Текст научной работы на тему «О категориях группового сознания у казахов-кочевников»

НАРОДЫ

О категориях группового сознания у казахов-кочевников

Игорь Савин

Идентификация человека предполагает не только отождествление его другими с членами той или иной социальной общности, но и осознание им себя в качестве субъекта социальных отношений с помощью понятий, принятых внутри этой общности. Осознанию предшествует нерефлексируемый процесс «первичной социализации», когда ребенок «перенимает мир, где другие уже живут»:. Это мир «значимых других», в первую очередь родителей; он представляется ребенку единственно возможной реальностью и обладает свойствами, которыми его наделили «значимые другие», уже прошедшие социализацию. Иначе говоря, в первоначальных представлениях ребенка о мире воспроизводится готовая картина, господствующая в данном обществе. В дальнейшем разворачивается процесс «вторичной социализации». В ходе его в индивидуальном сознании складывается свой мир типизированных образов. Важное место среди них занимает и образ «значимого другого»: его содержание определяет структуру личности как субъекта рефлексии, пути преодоления проблемных ситуаций, сохранения целостного образа мира, разделяемого с коллективом, и самоудовлетворяющего образа себя в мире. Во всех этих случаях чрезвычайно значимы первоначальные представления, вынесенные из детства, поскольку ими задаются актуальные темы, в рамках и по поводу которых происходит коммуникация.

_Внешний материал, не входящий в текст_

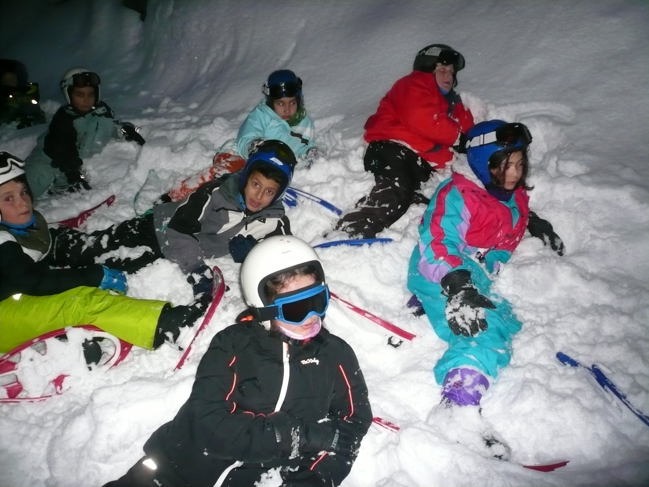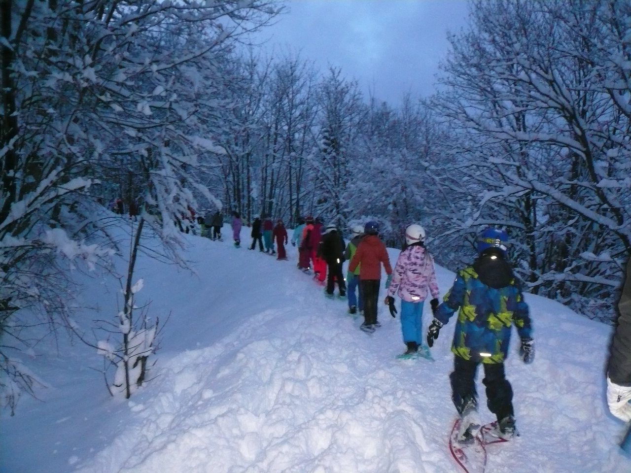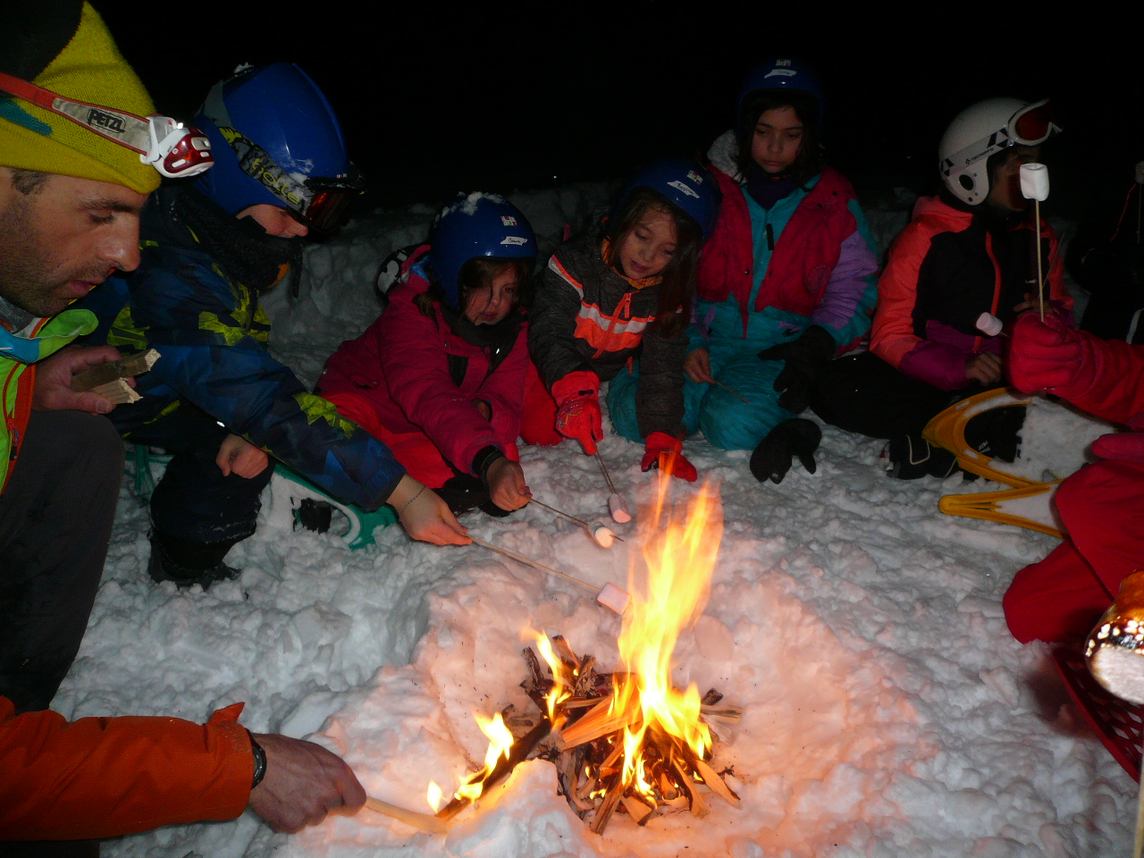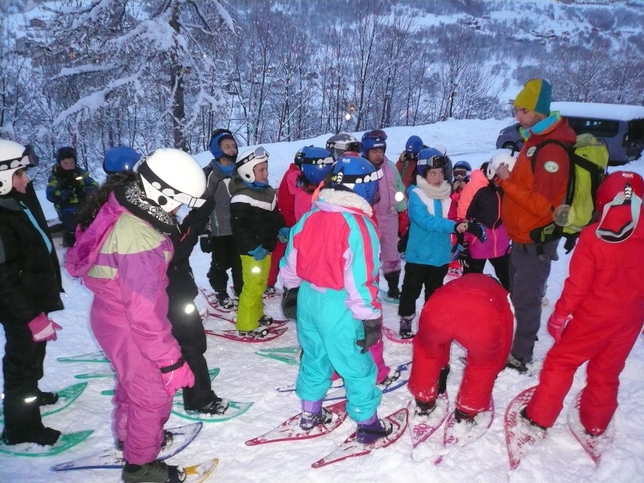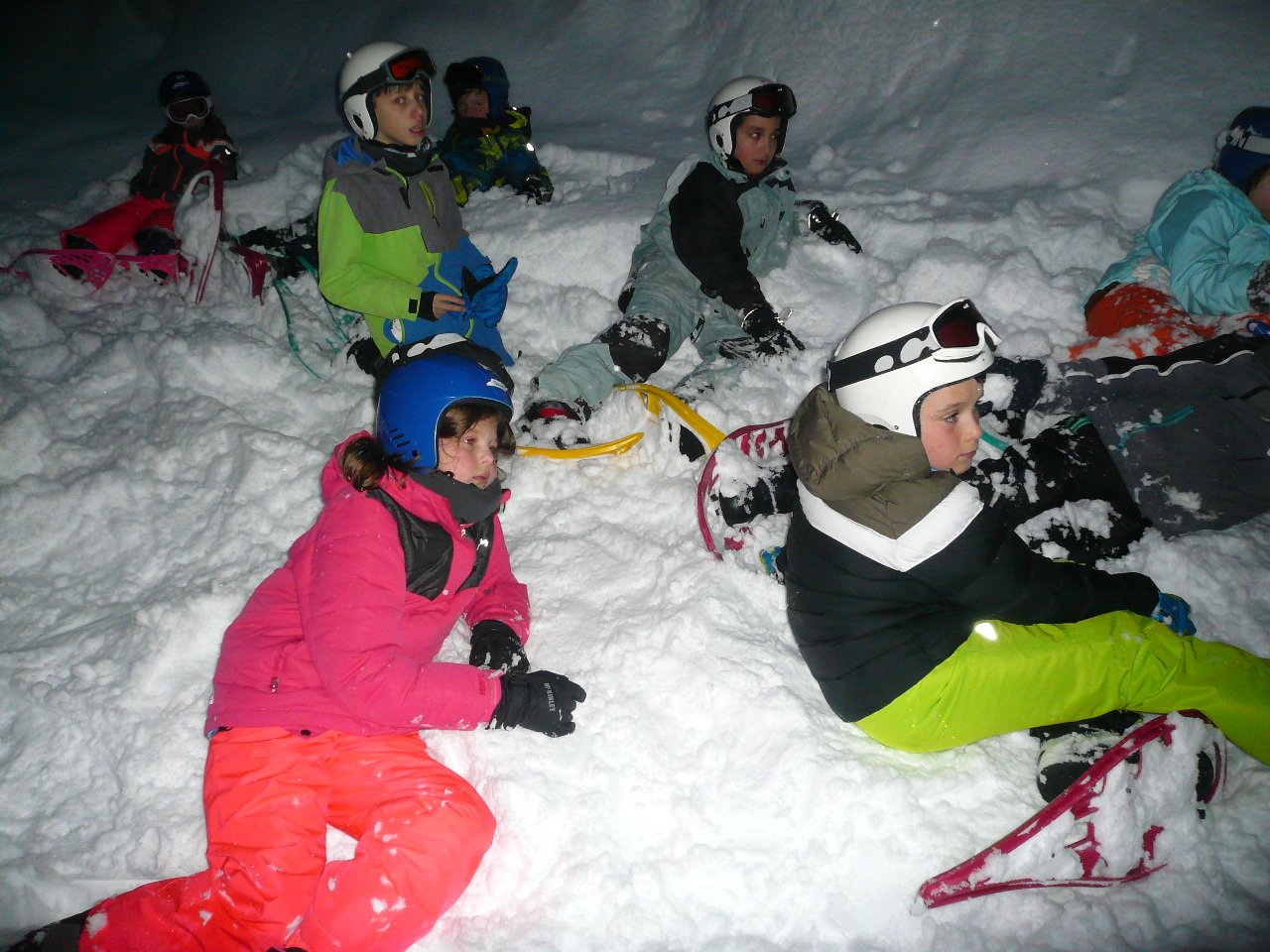 Et enfin la veillée la plus attendue de tous: la balade nocturne en raquettes ! Merci à notre guide Pierre, c'était génial, au-delà de nos espérances ! Imaginez l'ambiance: chausser les raquettes à la tombée de la nuit, faire la trace dans 50 cm de poudreuse fraîchement tombée, tous à la queue leu leu éclairés par les lueurs du ciel, atteindre une petite clairière, faire coucou à la lune et à Vénus (étoile du berger), damer une petite terrasse sous un mélèze, allumer un feu, boire une petite boisson à la fraise ou à l'orange, faire griller des chamallows, réciter la poésie de Samivel "Les merveilles de la montagne ne coûtent pas un centime" et surtout ressentir tout ce que nous dit ce grand poète "écouter les musiques de la montagne"... puis redescendre vers le centre en enchaînant les glissades... Quel bonheur de partager ce moment tous ensemble !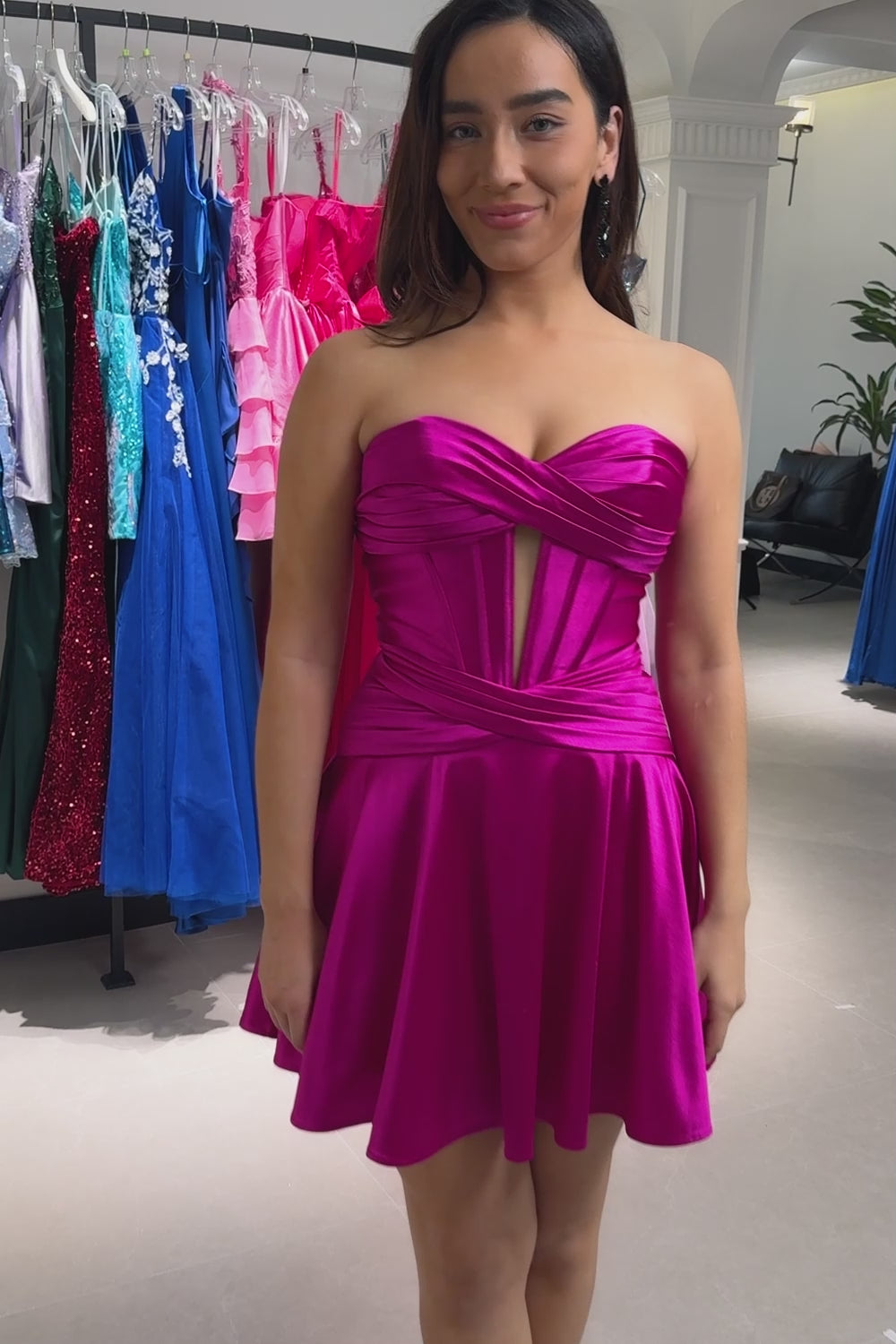 Sparkly Hot Pink A Line Corset Pleated Homecoming Dress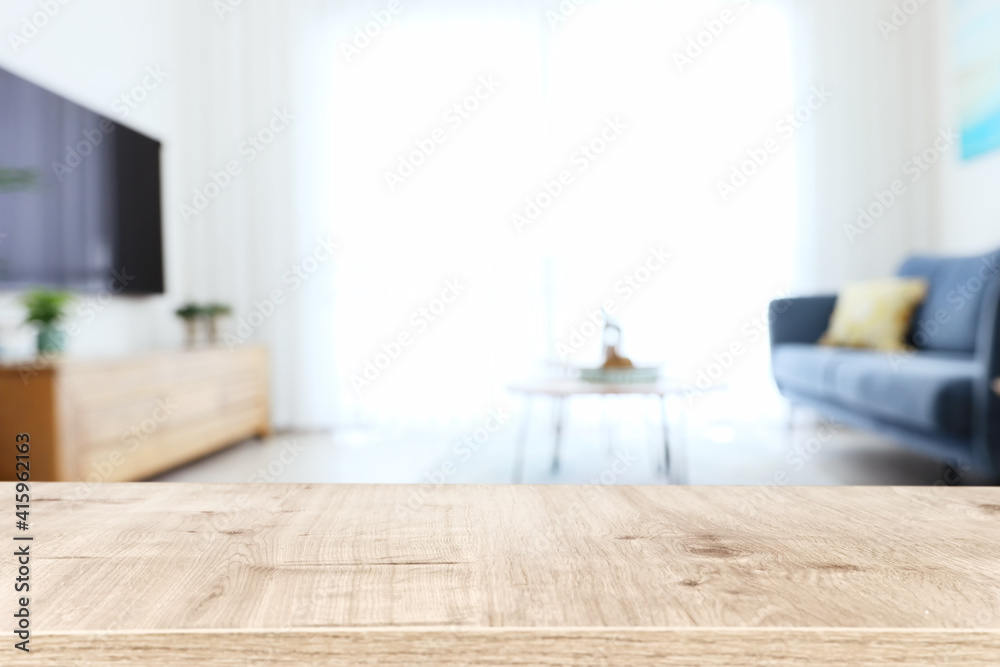 Wooden empty table in front of Living room sofa interior. For product display and presentation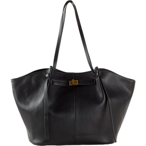 Maglione da donna in nero pece Bonprix, Pantalone chino da donna in nero pece curvy in viscosa Terranova, Mocassini da donna in nero pece Doppelganger, Shopping bag da donna in nero pece a fiori con zip Freddy.
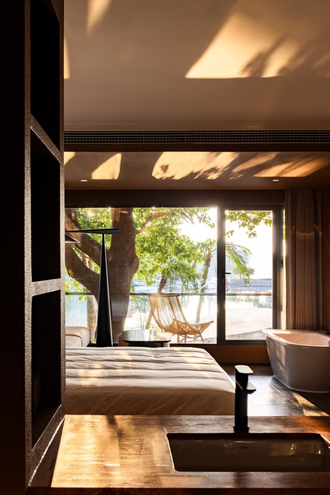 圆筒改造后,一层为接待空间,落地窗面向湖面敞开。长方体主体均匀分布八间客房,LOFT与天窗房型穿插其间。顶部开敞的入户圆柱呼应着存量圆筒,随天气变化漏下不同的光影雨雪——踏入此处,外界的喧嚣便悄然隔绝。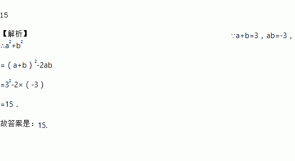 已知a+b=3,ab=-3,则a2+b2的值是________.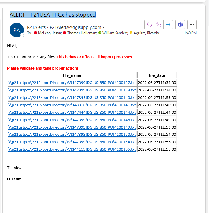 If files are not processing through SISM the EDI alerts team will get an email notification like the below. This alert fires if there are files in \\p21ustpcx\P21ExportDirectory, or \\p21tpcx\P21ExportDirectory for Canada, that are more than one hour old. So once you fix the issue it is possible the alert will fire until all files are processed. Go to the last step to confirm the problem is resolved.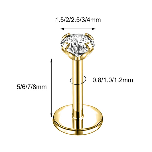 16g/18g/20g Flat Back Earring Shiny Zircon Cartilage Earring Threadless Conch Helix Piercing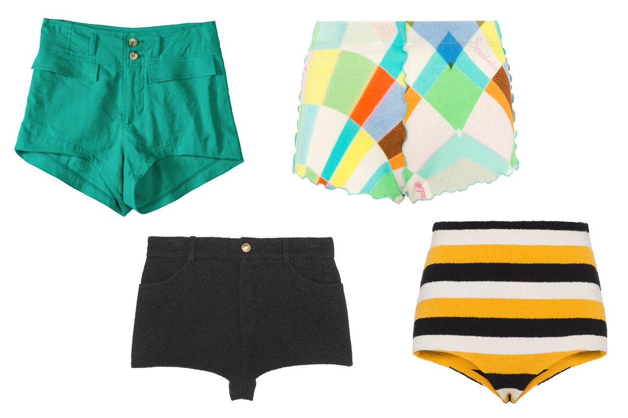 過去一年左右,熱褲正重新殺回時尚界,既作為調情式家居服出現在Instagram動態中,也現身各大設計師系列。古馳推出極繁主義蕾絲版本,普拉達(如圖)設計似1950年代風格泳裝,洛杉磯新鋭品牌Ciao Lucia採用多色毛巾布搭配同款夾克與抹胸上衣徹底復古。從伊莎貝爾·瑪蘭到美國鷹牌,每個品牌都有牛仔款演繹。尤為短小的是Y/Project的款式,宛如牛仔褲與比基尼底褲的混搭。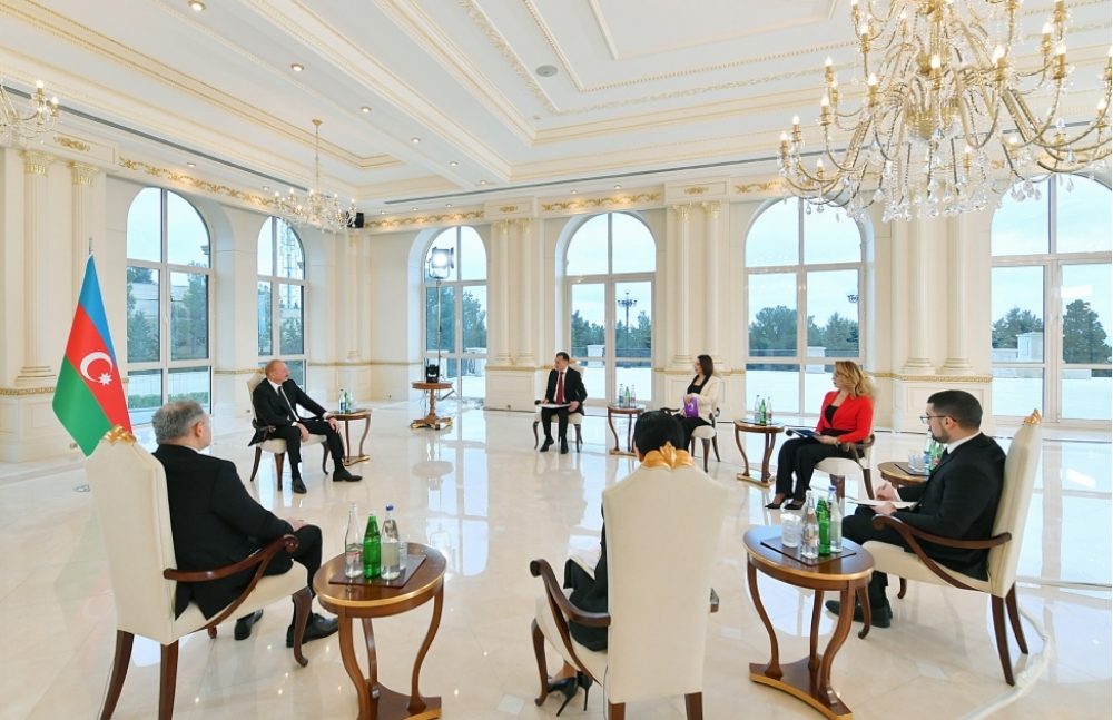 Cənab Prezident, yeni tarixi reallığı, yeni tarixi mərhələni yaşayırıq. Ən böyük reallıq qeyd etdiyimiz kimi, Qarabağın tam azad olunması, Qarabağdan separatizmin, terrorizmin təmizlənməsi və Sizin təbirinizcə desək, tarixin zibilliyinə atılmasıdır. Əlbəttə ki, hər bir reallığın arxasında güc, prinsipiallıq, əzm, iradə və Sizin “Dəmir yumruğunuzdur”. Məhz ona görə də mən istərdim elə ilk sualımı bugünkü reallıqlardan son 20 illik fəaliyyətə nəzər salmaqla başlayaq. Bu gün ərazi bütövlüyünü tam bərpa etmiş Azərbaycanımızdan, suverenliyimizi tam bərpa etmiş Azərbaycanımızdan son 20 illik fəaliyyətə nəzər salsaq, hansı mənzərə canlanır? Biz bu 20 ildə haradan-haraya gəlmişik?

Как правило, образ мира не аморфен, а структурирован. В нем присутствуют «наш мир» и «не наши» миры. Когда существенным мотивом социальной активности становится осознание

Игорь Сергеевич Савин, научный сотрудник Института проблем региональной экономики Казахстана Академии наук Республики Казахстан, Чимкент.

своей принадлежности к какой-либо этнической общности, противопоставление «нашего» и «не нашего» выходит на первый план, перво-

степенное значение получают представления, определяющие этническую идентификацию человека и группы, способы репрезентации, характерные для данной группы. Они как бы подчеркивают неповторимые черты «нашего» мира, отличающие его от всех прочих. Достигается это с помощью легитимных (общепризнанных) схем классификации окружающей реальности, использования при коммуникации специфической для группы метафорической системы, риторических приемов, излюбленного набора сюжетов.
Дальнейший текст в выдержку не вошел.